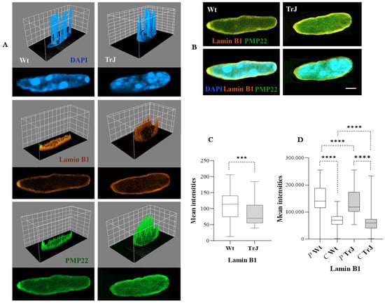 Lamin B1 intensity (Figure 4C) was significantly lower in TrJ than in Wt SC nuclei (p-Value < 0.001) and largely predominated in the SC nuclear periphery in both Wt and TrJ genotypes (p-Value < 0.0001), where the PMP22 signal also prevailed (p-Value < 0.0001). The 3D surface plots (Figure 4A), obtained on the Wt and TrJ SC nuclei and the merged images of PMP22 and Lamin B1 (Figure 4B), exemplify the aforementioned distribution. In addition, Lamin B1 spread less intensely to the central SC nuclear regions of Wt and TrJ mice (Figure 1A,B,D).
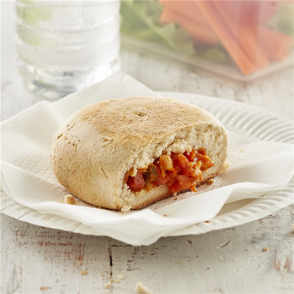 Inghams Pizza Roundas. Oven baked bread roll with a delicious pizza filling. No artificial colours or flavours. Approved for Schools. Size: 130g
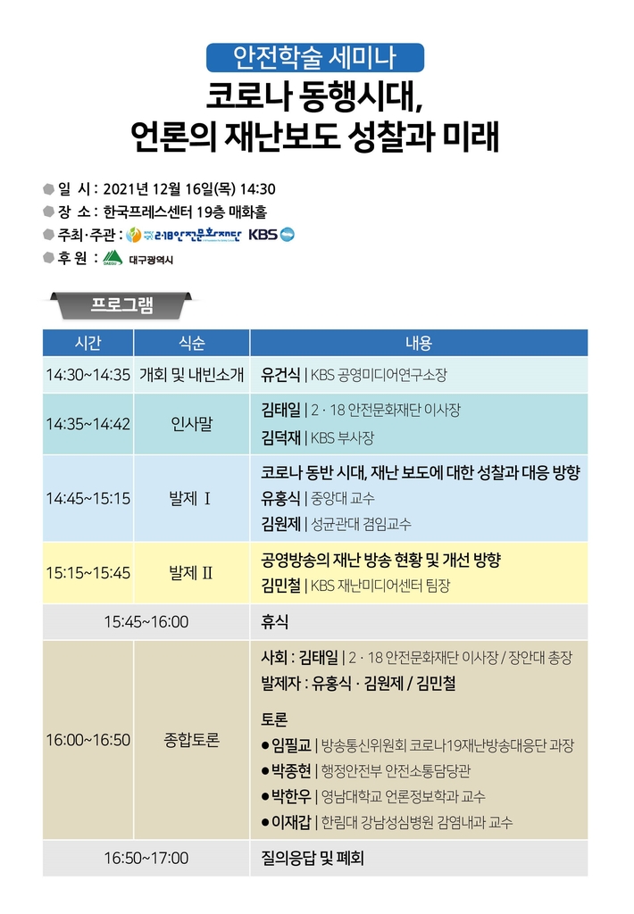 유홍식 중앙대 교수, 김원제 성균관대 겸임교수 등이 발제하며, 박종헌 행정안전부 안전소통담당관, 임필교 방송통신위원회 코로나19재난방송대응단 과장 등이 토론자로 참여한다.

__TASK DIRECTIONS__. Exactly the lines from the one with "Inghams Pizza Roundas." to the last line of the listing are wanted, both ends included and pictures excluded.

__OUTPUT__.
 Inghams Pizza Roundas. Oven baked bread roll with a delicious pizza filling. No artificial colours or flavours. Approved for Schools. Size: 130g
 유홍식 중앙대 교수, 김원제 성균관대 겸임교수 등이 발제하며, 박종헌 행정안전부 안전소통담당관, 임필교 방송통신위원회 코로나19재난방송대응단 과장 등이 토론자로 참여한다.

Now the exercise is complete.